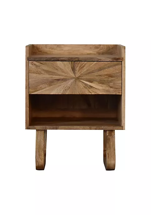This bedside is perfect when it comes to keeping your bedroom orgasnised and keeping little bits close to you before bedtime. The sunrise design brings a more elegant and eye-catching display while proving handy all over your home. It is made with 100% solid mango wood with a fine oak-ish finish.
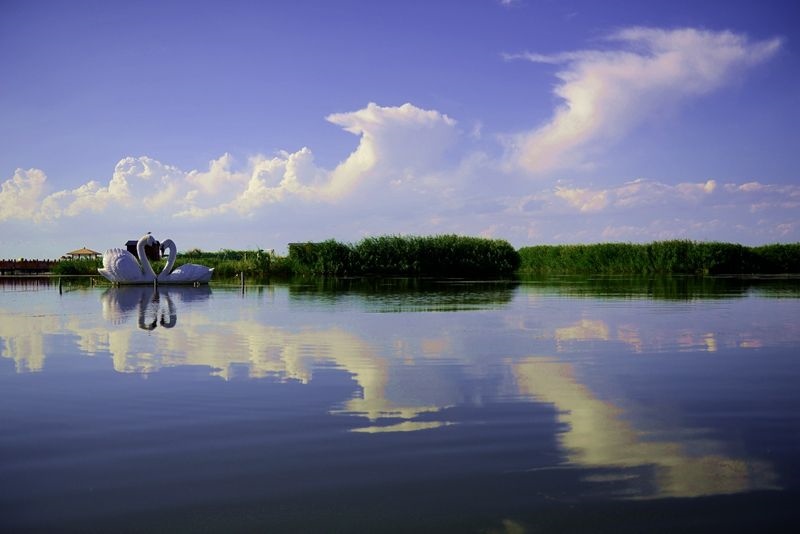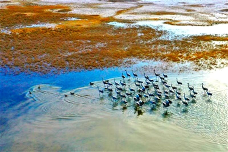 烏蘭布和沙漠境內(nèi)的天鵝湖濕地上候鳥飛翔
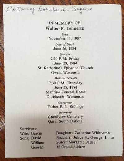 Obit: Lehnertz, Walter P. (1907 - 1984)
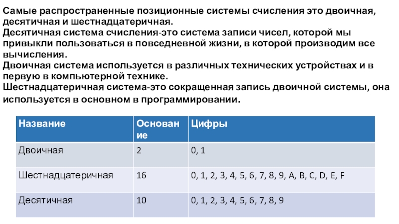 Слайд 12Самые распространенные позиционные системы счисления это двоичная, десятичная и шестнадцатеричная.
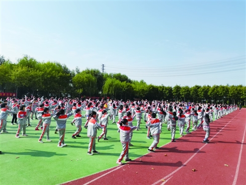 近日,济南燕山学校在各年级开展了体育大课间创编操活动。
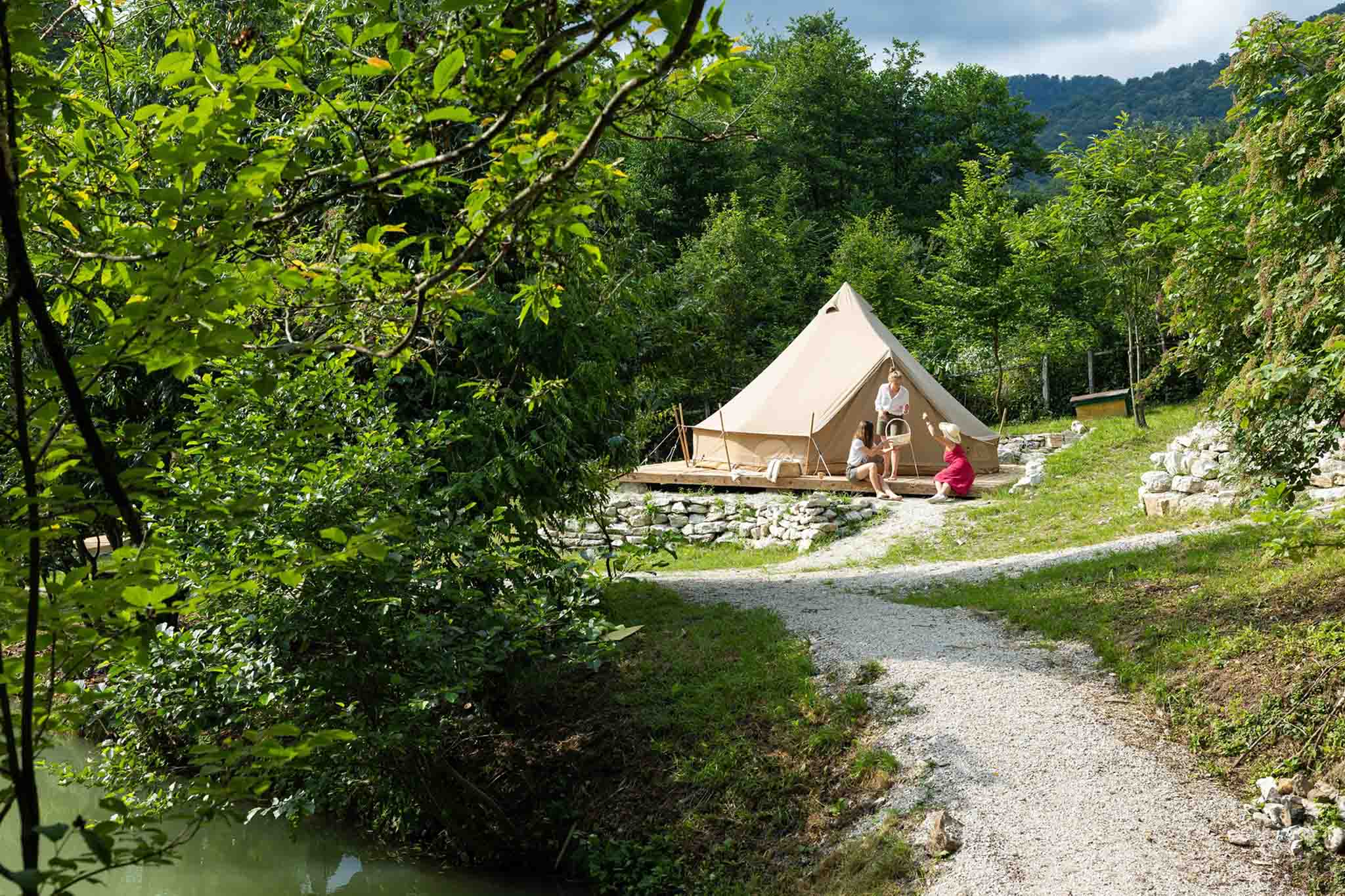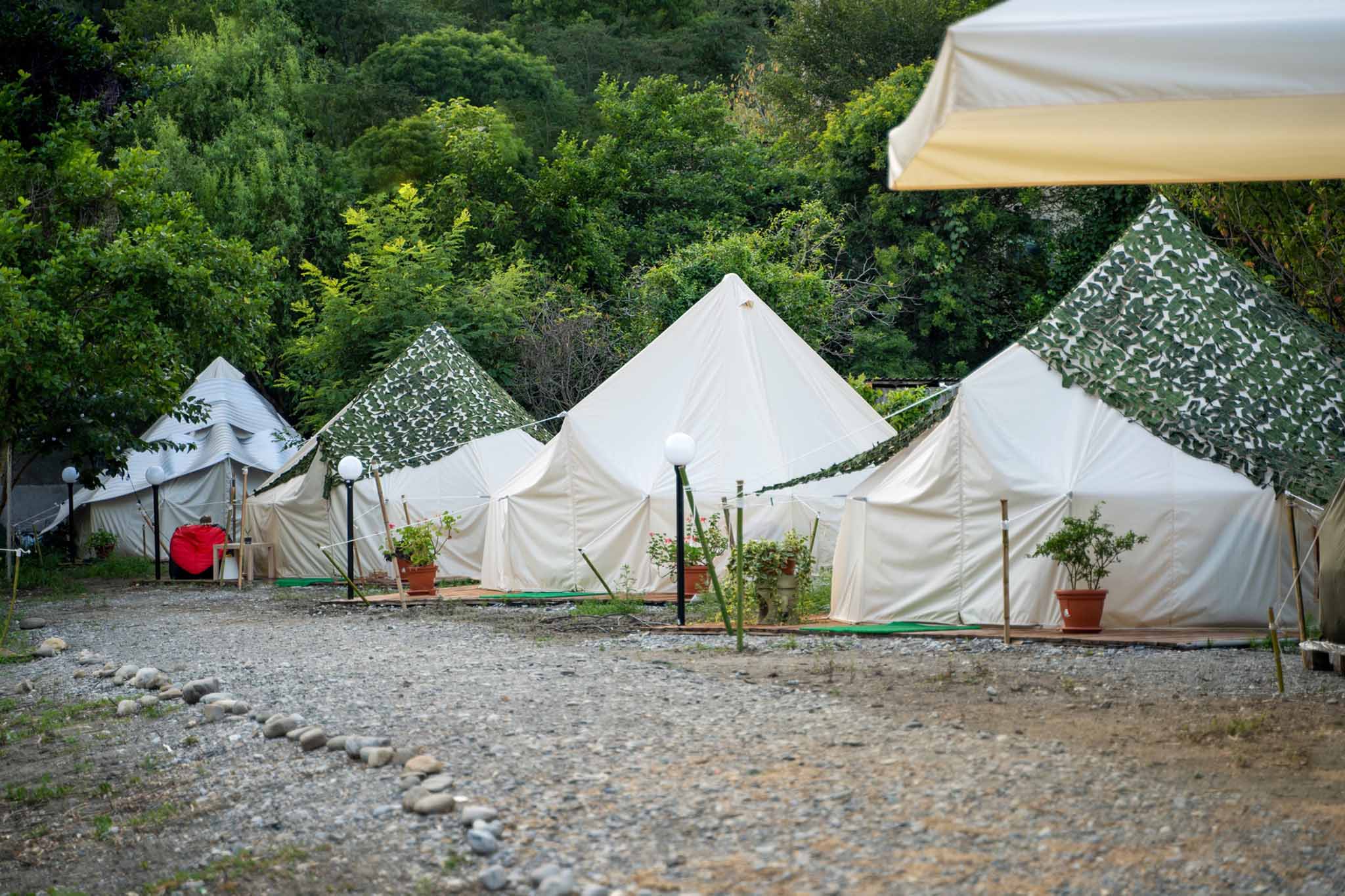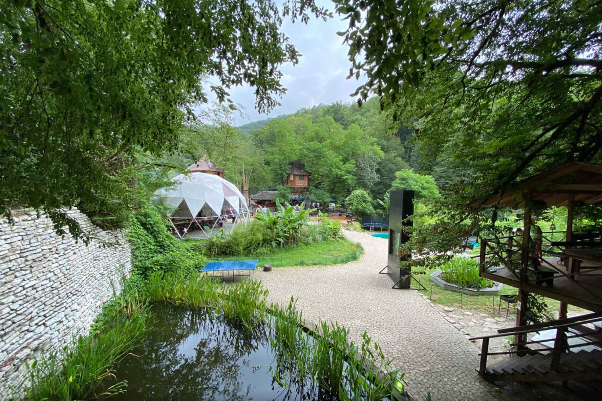 Территория палаточного лагеря с шатрами и белл-тентами раскинулась между двух прудов. В каждом жилье есть освещение, кровати и W-Fi. Душевые кабинки и туалеты находятся в отдельном хозяйственном блоке. Элементы декора и мебель изготовлены из деревьев, которые растут в соседнем лесу. Туристы оставляют хорошие отзывы о необычной крытой беседке с очагом и баре, в котором подают блюда кавказской кухни и отличное вино. До города Сочи 30 минут езды, а до железнодорожной станции Хоста ходит автобус №127.

> What needs to be done
Everything from the first line of the records through the line containing "近日,济南燕山学校在各年级开展了体育大课间创编操活动。" should be repeated exactly, with the pictures left out.

> Answer below
This bedside is perfect when it comes to keeping your bedroom orgasnised and keeping little bits close to you before bedtime. The sunrise design brings a more elegant and eye-catching display while proving handy all over your home. It is made with 100% solid mango wood with a fine oak-ish finish.
 烏蘭布和沙漠境內(nèi)的天鵝湖濕地上候鳥飛翔
 Obit: Lehnertz, Walter P. (1907 - 1984)
 Слайд 12Самые распространенные позиционные системы счисления это двоичная, десятичная и шестнадцатеричная.
 近日,济南燕山学校在各年级开展了体育大课间创编操活动。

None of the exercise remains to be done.